Referring further to FIG. 1, at 106, the initial event case customer ID may be correlated to all existing entity accounts of the initial event case customer by the processor based on a query of the case management database. For example, the received data consisting at least in part of the initial event case customer's ID may be correlated with data, such as account information of the client and selected client attributes, related to all of the initial event case customer's accounts retrieved from the AML case management database. In addition, the initial event case customer's ID and account data may be correlated with data regarding an initial set of transactions retrieved from the case management database to identify other cases, if any, that may have arisen in the first tier.

Referring again to FIG. 1, at 108, the existing accounts of the initial event case customer in the case management database may be queried for accounts of counterparties, for example, of monetary instruments and wire transactions associated with the initial event case customer's existing accounts. For example, based on the correlation of customer ID and account information, all of the initial event case customer's accounts may traced, for example, via monetary instruments such as checks and transactions such as wire transactions over a predetermined period of time or look-back period, such as 90 days or 180 days, to accounts of other customers of the entity. It has been found that the particular look-back periods of 90 or 180 days typically yields non-productive customers in 84% to 92% of cases processed, but it is to be understood that the look-back period is not limited to 90 or 180 days but may cover any other suitable period of time.

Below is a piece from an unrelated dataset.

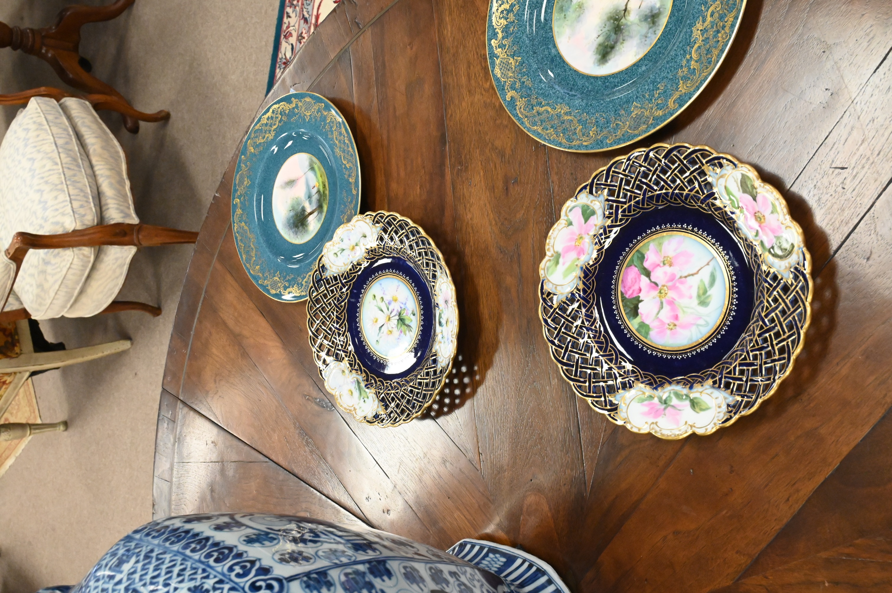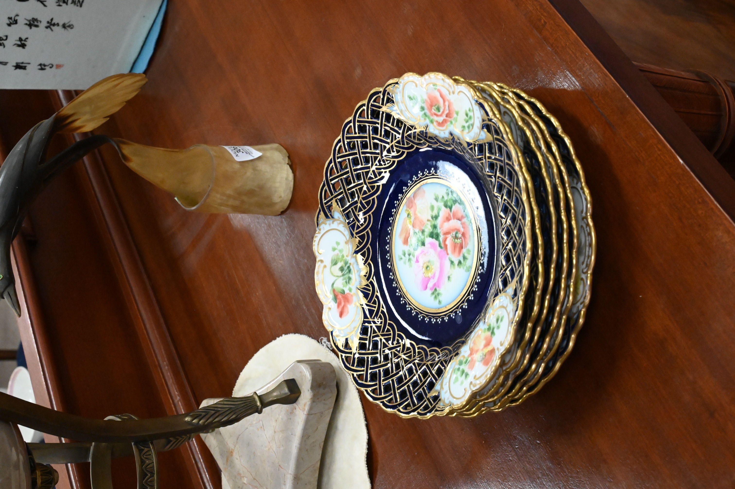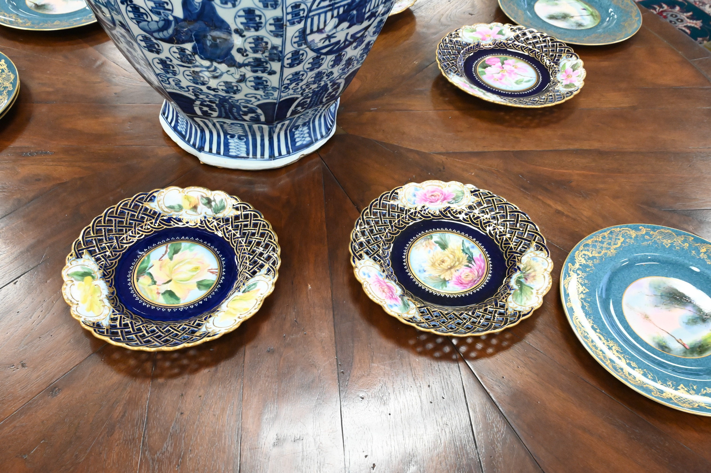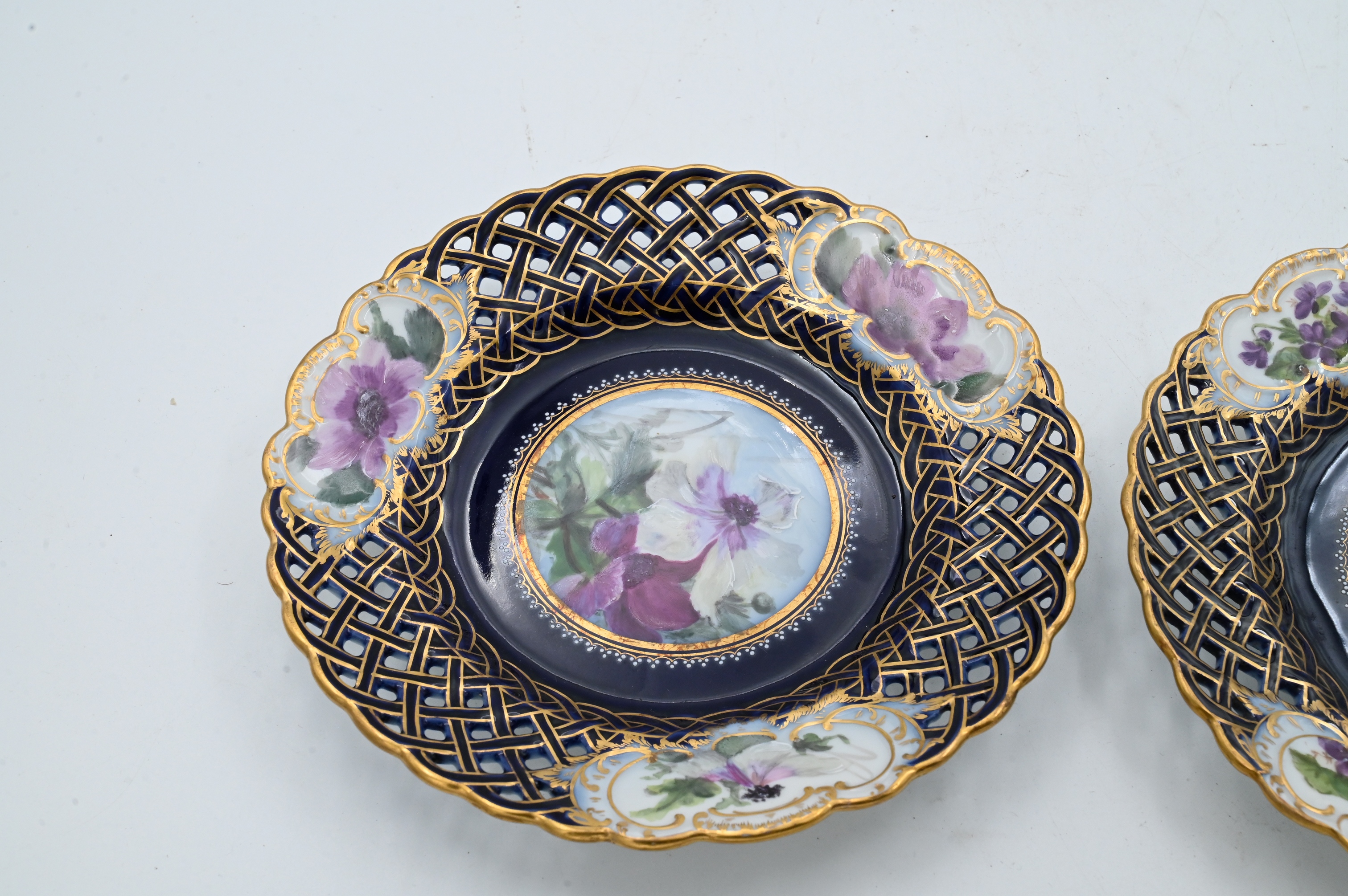 Lot 90: Set of 12 Meissen Style Cobalt Blue Reticulated Flower Plates

Referring still further to FIG. 1, at 110, in a second tier customer aspect, a second tier comprising the accounts of counterparties or second tier customers, for example, of monetary instruments and wire transactions associated with an initial event case customer's existing accounts may be created by the processor. At 112, the accounts of the second tier customers may be correlated to customer IDs of second tier customers by the processor based on a query of the case management database. At 114, the customer IDs of the second tier customers may be correlated to all existing accounts of the second tier customers by the processor based on a query of the case management database.

The identifications of such second tier customers, which may be referred to herein as focal IDs, may likewise be correlated with data, such as account information and selected attributes, for such other customers retrieved from the case management database. Thus, all such customers with AML-related cases who are directly connected to a particular initial event case customer may be identified. An identifier at either the customer level or an account level that is found in the case management database which identifies a focal ID or an identification of the focus for a particular initial event case may be merged in the case management database. The focal ID may be correlated with any account cases and/or case statuses previously escalated or developed by AML analysis and were deemed productive, and such cases may thus be identified. As noted, any cases which were determined to have relatively little or no risk potential may be deemed unproductive.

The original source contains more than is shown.